The three short films below are all phenomenal documents of a seminal period in American modern jazz avant-garde experimentation captured candidly, directly, and thrillingly through the superb filmmaking talents of British documentary visionary, Dick Fontaine. Currently head of documentary direction at the National Film and Television School in Great Britain, Fontaine boasts a long career in which he’s created nearly 50 films. Starting out as a researcher for Manchester’s Granada Television, Fontaine is credited with making (in conjunction with the Maysles brothers who later directed Gimme Shelter and Grey Gardens) the first British film that employed direct cinema techniques with 1964’s Yeah! Yeah! Yeah!, a Granada audience hit that captured the Beatles’ first visit to the United States. Music and musicians have been a constant theme in Fontaine’s work, another fine example being 1984’s Beat This! about the golden age of hip-hop in New York City. 

Fontaine, himself a musician, clearly understands the power of the on-the-spot creative process. Each of the short films below are vibrant portraits of the artist in the act of making music and include what are perhaps some of the most intimate behind-the-scenes moments ever filmed for some of these frontrunners of the avant-garde all gathered with hand-held cameras and sound equipment. Think jazz versions of Don’t Look Back.

For the sake of chronology, let’s start with 1966’s David, Moffett and Ornette, which captures alto saxophonist Ornette Coleman, bassist David Izenzon and drummer Charles Moffett as they travel to Paris to record the lush soundtrack to an obscure Belgian film called Who’s Crazy?. The performances in Fontaine’s film, which often take place in front of Who’s Crazy? as it is projected for the trio are nothing short of gorgeous, and interviews and candid footage with the band members reveal their reasoning for taking on what was a majorly controversial way of performing at the time.

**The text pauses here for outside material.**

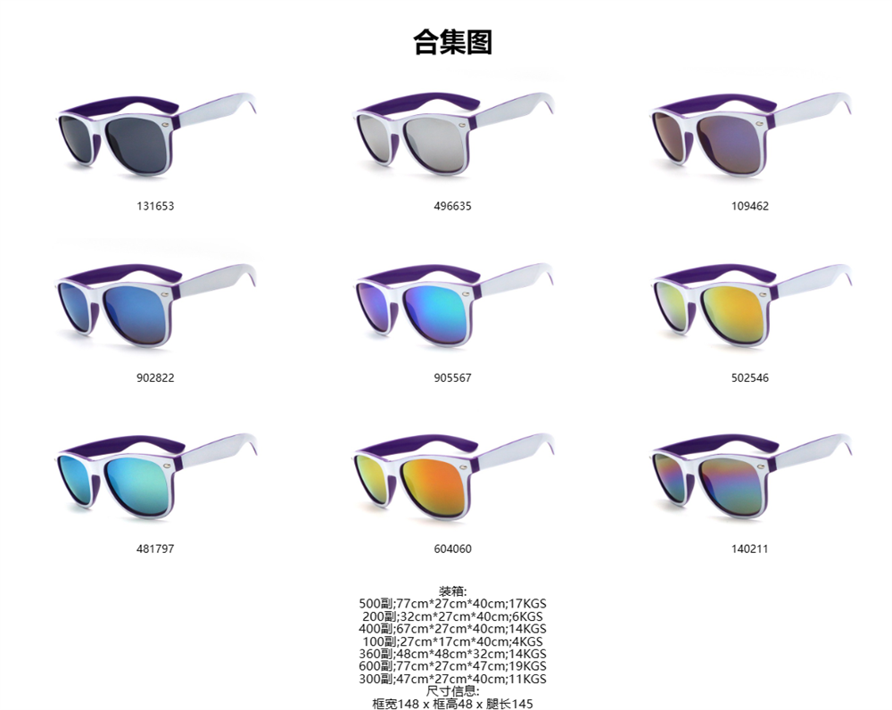 外白内紫框 彩膜 徒步旅行者促销礼品太阳镜 | 90000

In particular, the interviews with Coleman that address race, sexuality and poverty are so relevant and alive that any serious student of his music simply has to watch this. The soundtrack to Who’s Crazy? on which Coleman plays alto sax, violin and trumpet, was released in 1966.

 

Who’s Crazy? (1966)
 
The next film is called Sound?? from 1967. I’d be doing it great disservice by describing it as anything short of importantly badass. The piece, a collaboration between highly influential multi-instrumentalist musical madman, Rahsaan Roland Kirk and avant-garde sound artist John Cage, explores the very nature of sound and music itself as the piece shifts between the two pioneers. Kirk does his thing. He plays onstage with three saxophones at once, and a flute and a whistle. He hands out whistles to the audience at one point and calls for a participatory “blues in the key of W.” He plays with animals at the zoo. The footage of a performance at Ronnie Scott’s in London is incendiary. Cage, for his part, is interspersed throughout the film reading rhetorical questions in a variety of city locations about what it means to make music. If music is just noise, can anyone do it? What’s the point in making it? “Sounds are just vibrations,” Says Cage, “why didn’t I mention that before? Doesn’t that stir the imagination?” The whole thing, if nothing else, certainly stirs the imagination. I really can’t do this justice in a blog post. Just watch it. It’s great.
 

Sound?? (1967)
 
The final of the three films, 1968’s Who is Sonny Rollins?, is a more somber affair. It’s a searching portrait of saxophonist Sonny Rollins, who, as the film states, recorded his first record in 1948 and had by 1959 become one of the most important and influential jazz performers in the world. He then summarily quit playing publically. Rollins returned to live performances and recording again in 1962, but by 1968 he was on a second performance sabbatical. He was, to hear Rollins tell it, fed up with the debauchery of the club scene which he simply says “kills off a lot of people.” Rollins and compatriot Paul Jeffrey are filmed improvising on the Williamsburg Bridge, a place where Rollins loved to play, incorporating the sounds of trains and other environmental noise. Rollins and Jeffrey explain their philosophy of freeing music from the club in more candid interviews and Rollins is filmed in a variety of outdoor locations while he explains his musical journey. It’s another fine piece of filmmaking. I’ll be damned if it’s not Charles Moffett (who started out as a trumpet player) who makes another appearance in Who is Sonny Rollins? when Rollins visits a music classroom in Harlem. It would make sense as the two did collaborate on a number of occasions.
 

Who is Sonny Rollins?
 
David, Moffett and Ornette and Sound?? were released on DVD as simplyDavid Moffett & Ornette despite the fact that both films are included on the disk. 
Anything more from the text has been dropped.